Here is the truth of wealth. “Wealth” is an outcome of capability sharing among humans in order to provide for the needs of all. In human life wealth defines the success of the societal capability sharing in three foundational ways: First, wealth is a measure of “efficiency” in capability sharing. It relates the inputs and outputs of capability sharing. If the capability sharing cannot generate wealth it means the inputs are larger than the outputs and soon the capability sharing will run out of resources to sustain itself. Second, wealth is a measure of “value” to people that need goods and services. If I organize people to share their capabilities to produce goods and services and no one wants my goods and services, I will sell nothing and generate no wealth. It would signal that what I do has no “value” for other humans. Wealth signals what others want. It highlights how humans value the goods and services that a group produces through shared capabilities. Third, wealth is a measure of “amplification of capabilities.” If my wealth is ten dollars, my ability to organize the capabilities of others to produce goods and services will be zero. However, if my wealth is ten million dollars, my ability to organize the capabilities of others increases immensely. The wealth-based amplification of capabilities exists at all levels, from individual to workplace to nation.

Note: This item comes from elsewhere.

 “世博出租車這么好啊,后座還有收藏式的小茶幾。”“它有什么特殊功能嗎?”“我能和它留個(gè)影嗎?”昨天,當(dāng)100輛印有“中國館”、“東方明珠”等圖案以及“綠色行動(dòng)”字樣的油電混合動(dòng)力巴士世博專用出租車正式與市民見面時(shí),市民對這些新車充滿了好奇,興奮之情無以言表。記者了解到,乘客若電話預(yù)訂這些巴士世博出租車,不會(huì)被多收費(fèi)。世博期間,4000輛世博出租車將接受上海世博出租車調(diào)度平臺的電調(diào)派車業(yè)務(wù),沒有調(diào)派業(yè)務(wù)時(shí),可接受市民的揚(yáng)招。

The efficient, value-driven and capability-amplified wealth manifests itself visibly in societal life. As an example, in comparing the societal sharing of typical African society with the US, the US can produce and distribute goods and services at a level impossible in the African society because of the wealth that the US has produced in its societal sharing system. The US amplifies its capabilities beyond the typical African nation. The efficiency and value that the US creates is beyond what the typical African nation does. It is from this perspective that wealth is the key performance measure of the societal sharing system in providing for the daily needs of all.


There is nothing wrong with wealth. It is and will always be critical to societal well-being and human existence. To the contrary, not having wealth and being “poor” is the worst way an individual or society can experience life. Wealth always functions as means of organizing and amplifying the human capabilities to serve the human needs.

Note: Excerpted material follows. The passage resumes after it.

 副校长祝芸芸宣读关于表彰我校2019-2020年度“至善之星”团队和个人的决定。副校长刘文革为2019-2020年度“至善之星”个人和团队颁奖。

Wealth gets a bad name when humans do not use it well in managing what the masses need. For example, tens of thousands might need food and hundreds might need luxury cars. Should the available wealth be applied to organizing and amplifying the capabilities that provide food to tens of thousands and in the process earn the wealth-holder 3% or should it be applied to organizing and amplifying the capabilities that provide luxury cars to hundreds to earn the wealth-holder 20%? Here the blame cannot be placed solely at the wealth-holder deciding to walk the path that creates more wealth. Those that demand luxury cars are to be equally blamed. They are either ignorant of tens of thousands that need food or know it and do not care. If they were aware of the need of others for food and cared, they would hold back their demand for luxury cars and instead demand that that the wealth be applied first to those that need food. Wealth’s bad name thus originates at humans that individually and societally confuse the distinction between managing it well or not. Otherwise, wealth remains the operational essence of human wellbeing—individually and societally.